(Entries taken from a collection)
= Beginning of Section =
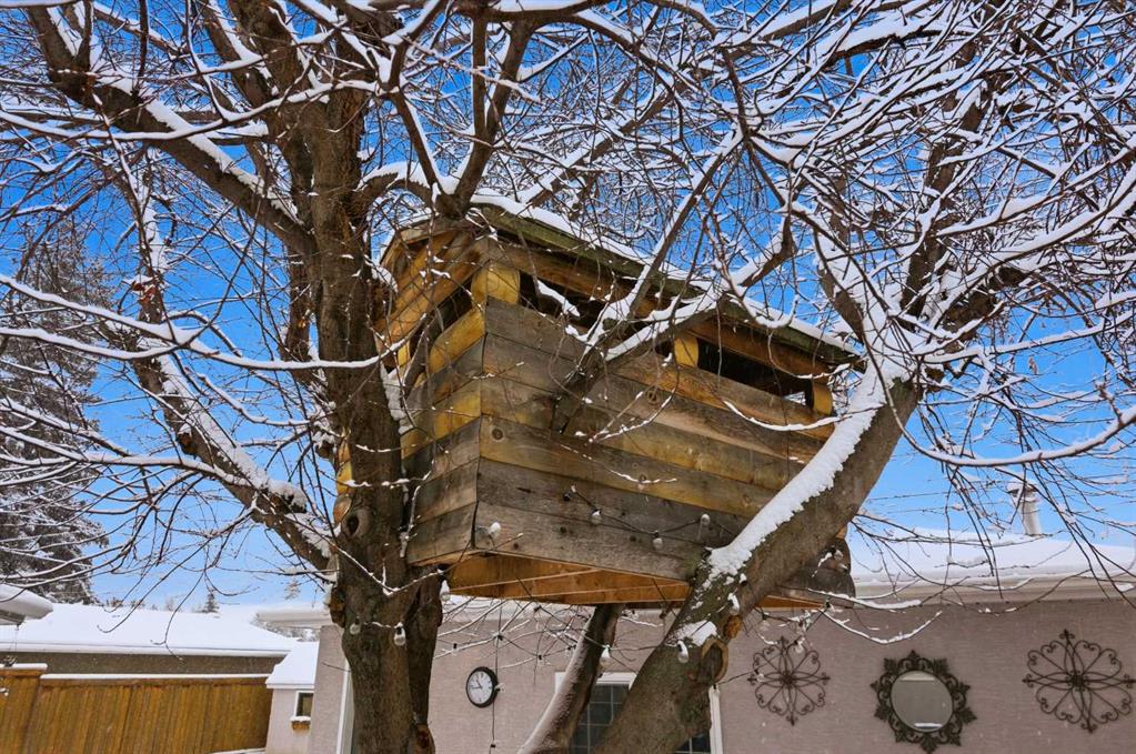Outside is where things get really fun — there’s a super cool treehouse for the kids and plenty of space to entertain. The oversized garage has a 8′ door and 9′ ceilings, and it’s drywalled and insulated. There’s even a pull-down staircase for extra rafter storage.
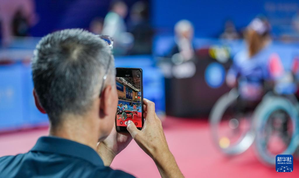 12月11日,吉林队选手孙晨璐的父亲孙长梅在TT1女子单打四分之一决赛中用手机记录女儿比赛画面。最终,孙晨璐1比3不敌山西队选手杨东梅。
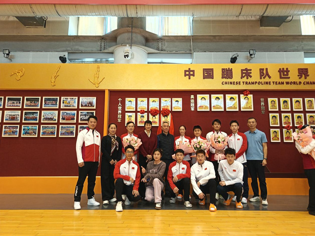 蹦床世界冠军登榜后合影
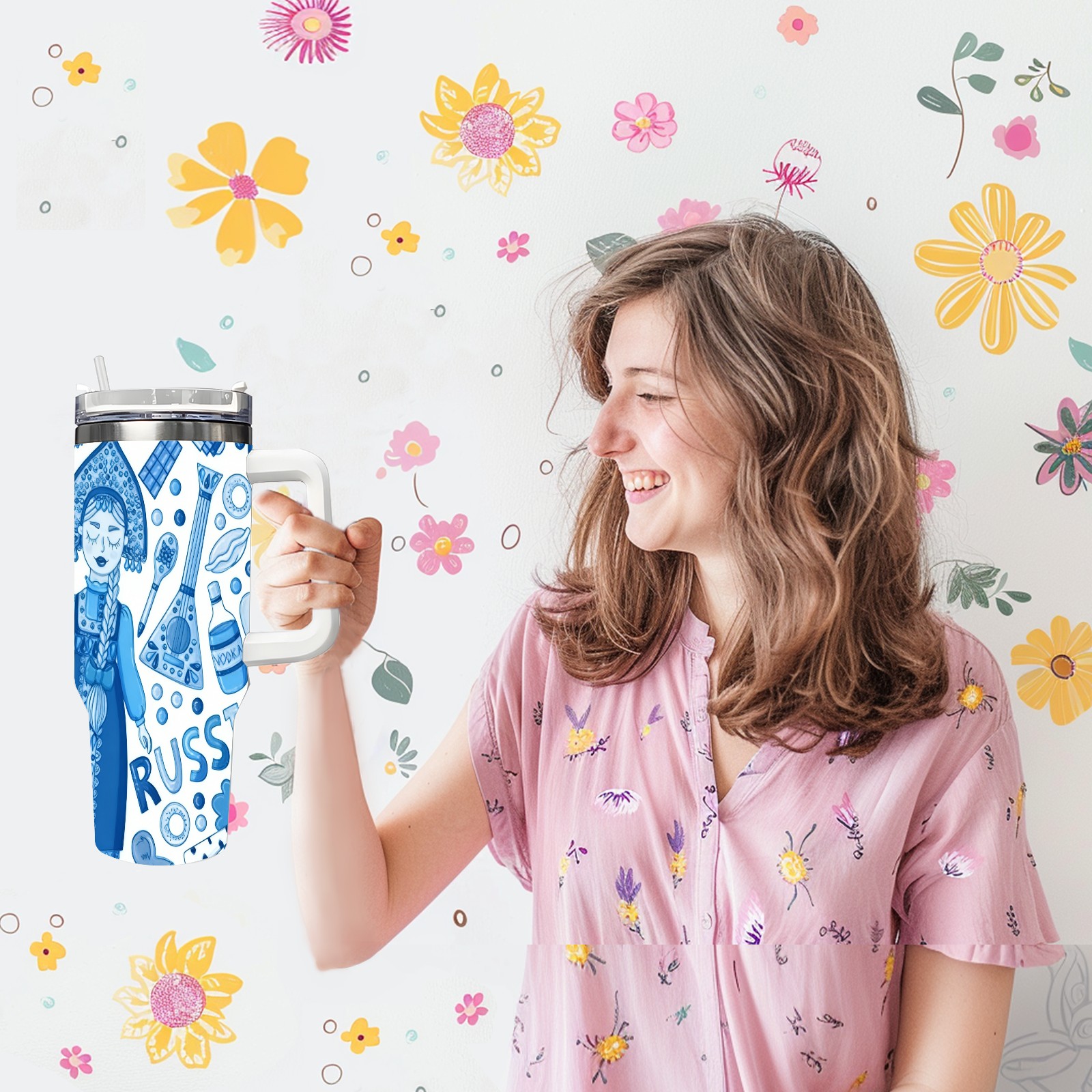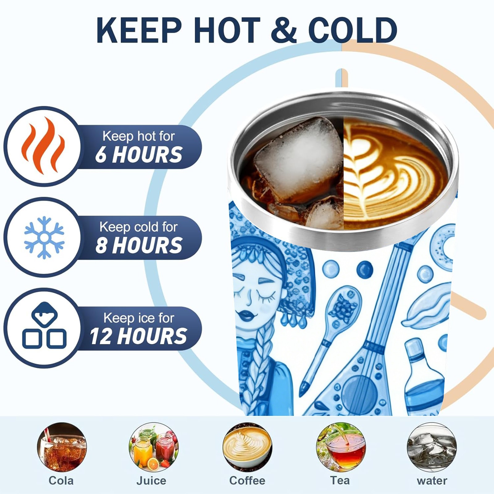 40 унций полностью напечатанный автомобильный стакан Fresh Dolls Blue
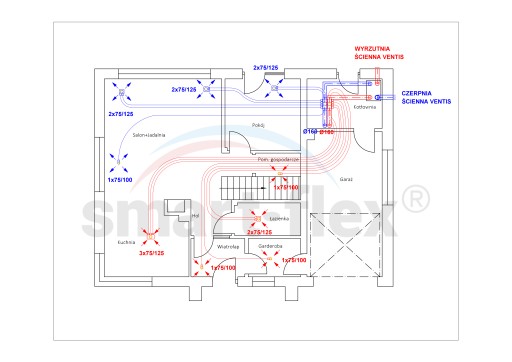Zaplanowanie rozprowadzenia instalacji, to niezwykle istotna kwestia. Z bilansu można wyczytać w ile i jakie skrzynki wentylacyjne należy się zaopatrzyć. To jednak schemat okazuje się niezastąpiony w wyliczeniach długości potrzebnych kanałów, ilości ewentualnych kolan i innych artykułów "strategicznych". Zaprezentowane poniżej schematy przedstawiają przykładowy szkic wstępny, udostępniony Państwu do akceptacji.
= End of Section =
What needs to be done >>
Verbatim reproduction of every entry is needed, with the images left out.

Exercise response >>
Outside is where things get really fun — there’s a super cool treehouse for the kids and plenty of space to entertain. The oversized garage has a 8′ door and 9′ ceilings, and it’s drywalled and insulated. There’s even a pull-down staircase for extra rafter storage.
 12月11日,吉林队选手孙晨璐的父亲孙长梅在TT1女子单打四分之一决赛中用手机记录女儿比赛画面。最终,孙晨璐1比3不敌山西队选手杨东梅。
 蹦床世界冠军登榜后合影
 40 унций полностью напечатанный автомобильный стакан Fresh Dolls Blue
Zaplanowanie rozprowadzenia instalacji, to niezwykle istotna kwestia. Z bilansu można wyczytać w ile i jakie skrzynki wentylacyjne należy się zaopatrzyć. To jednak schemat okazuje się niezastąpiony w wyliczeniach długości potrzebnych kanałów, ilości ewentualnych kolan i innych artykułów "strategicznych". Zaprezentowane poniżej schematy przedstawiają przykładowy szkic wstępny, udostępniony Państwu do akceptacji.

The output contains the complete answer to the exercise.